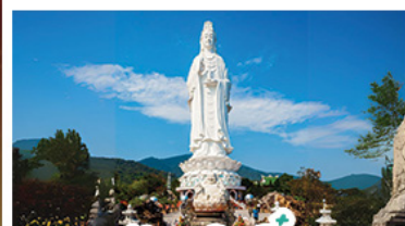
วัดเลิ๊ง
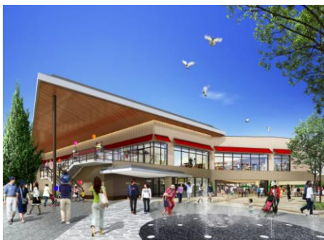
ベリーガーデンから望む
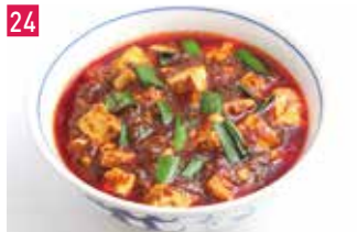
中華四川料理 中国名菜 陳麻婆豆腐 170席 1 昼 ¥1,200～/夜 平均¥2,500
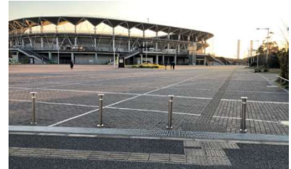
フクダ電子アリーナ (千葉市蘇我スポーツ公園内)
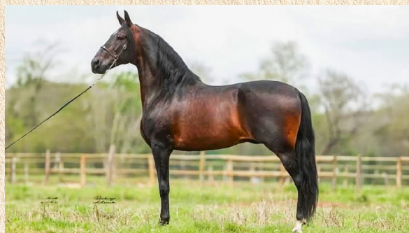
RADIANTE FORUM - AVÔ
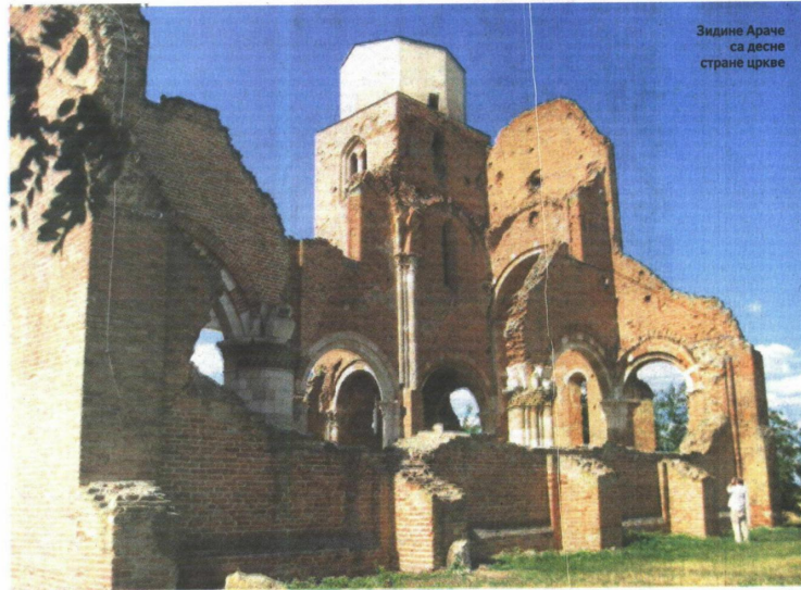
Зидине Араче са десне стране цркве
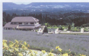
蒜山ハーブガーデン・ハービル
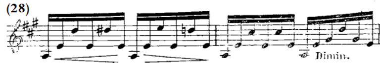
شكل رقم (٤-ب)

العبرة الثانية بالفكرة الثانية B من م(٢٦)- (٢٩) عند الجيتار
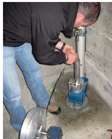
Figure 3. Lecture des instruments de contrôle dans le barrage.

De manière générale, les contrôles visuels ont pour objectif d'observer et de noter tout changement, respectivement toute évolution de l'état du barrage et de ses parties structurelles ou annexes, que ce soit à l'intérieur ou à l'extérieur de l'ouvrage ainsi que dans les environs.
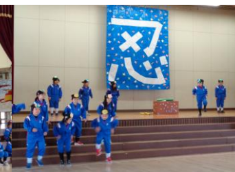
2年 甲田忍者小学校
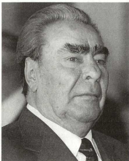
Leonid Breschnew, Generalsekretär der KPdSU von 1964 bis 1982.

Nach den Worten Garejews wurde der Einsatz der Truppen in Afghanistan durch das Fehlen klarer politischer und strategischer Ziele und Konzepte behindert. Wohl gab es Pläne für bestimmte Zeitabschnitte oder für einzelne Operationen. Aber während des gesamten Krieges hatte der Generalstab nie einen strategischen Plan für die Definition der Ziele und Aufgaben der Armee ausgearbeitet. Ziel und Auftrag des Krieges blieben deshalb den Kommandanten unklar. Dies dürfte auch einer der Gründe gewesen sein, warum Struktur und Einsatzkonzeption der
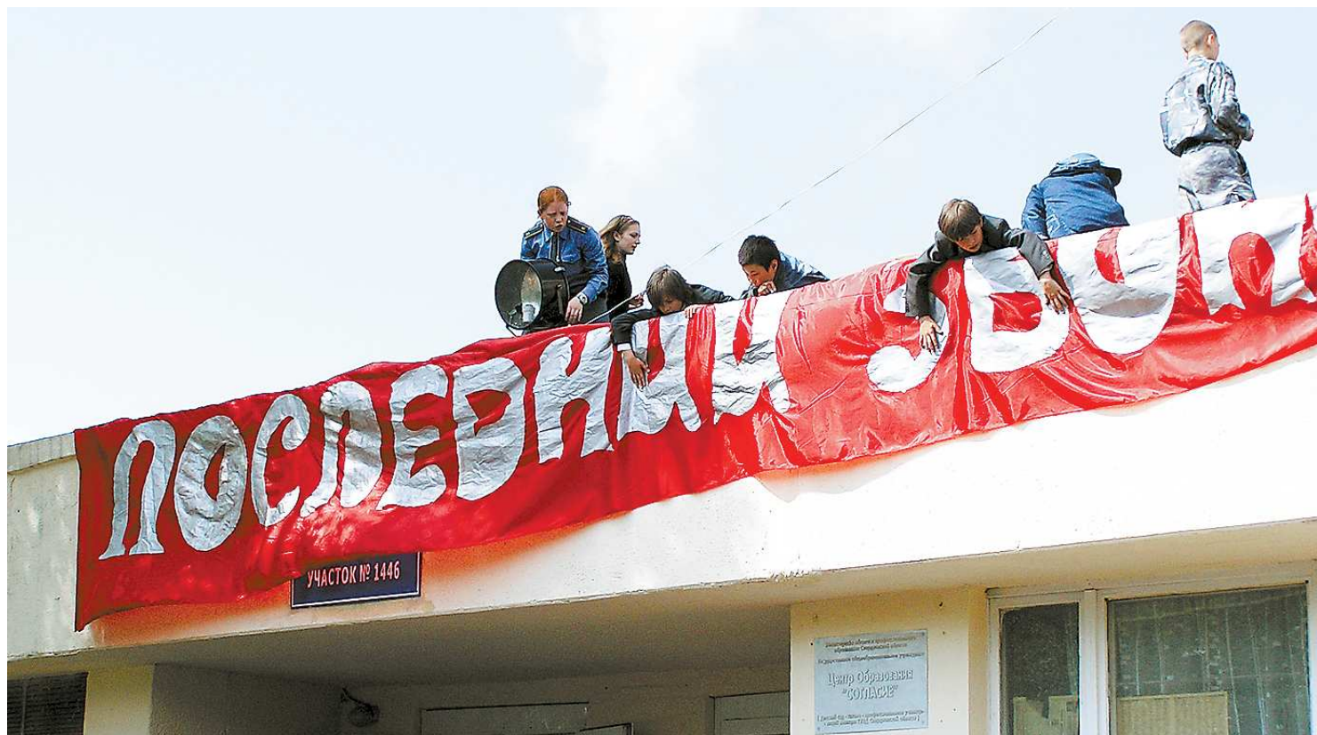
Прощай, школа! Впереди новые высоты...

- **How to complete this task**
Give back, unaltered, each line of the listing from the first to the line that contains "Leonid Breschnew, Generalsekretär", leaving every picture out.

- **Answer**
วัดเลิ๊ง
ベリーガーデンから望む
中華四川料理 中国名菜 陳麻婆豆腐 170席 1 昼 ¥1,200～/夜 平均¥2,500
フクダ電子アリーナ (千葉市蘇我スポーツ公園内)
RADIANTE FORUM - AVÔ
Зидине Араче са десне стране цркве
蒜山ハーブガーデン・ハービル
شكل رقم (٤-ب)

العبرة الثانية بالفكرة الثانية B من م(٢٦)- (٢٩) عند الجيتار
Figure 3. Lecture des instruments de contrôle dans le barrage.

De manière générale, les contrôles visuels ont pour objectif d'observer et de noter tout changement, respectivement toute évolution de l'état du barrage et de ses parties structurelles ou annexes, que ce soit à l'intérieur ou à l'extérieur de l'ouvrage ainsi que dans les environs.
2年 甲田忍者小学校
Leonid Breschnew, Generalsekretär der KPdSU von 1964 bis 1982.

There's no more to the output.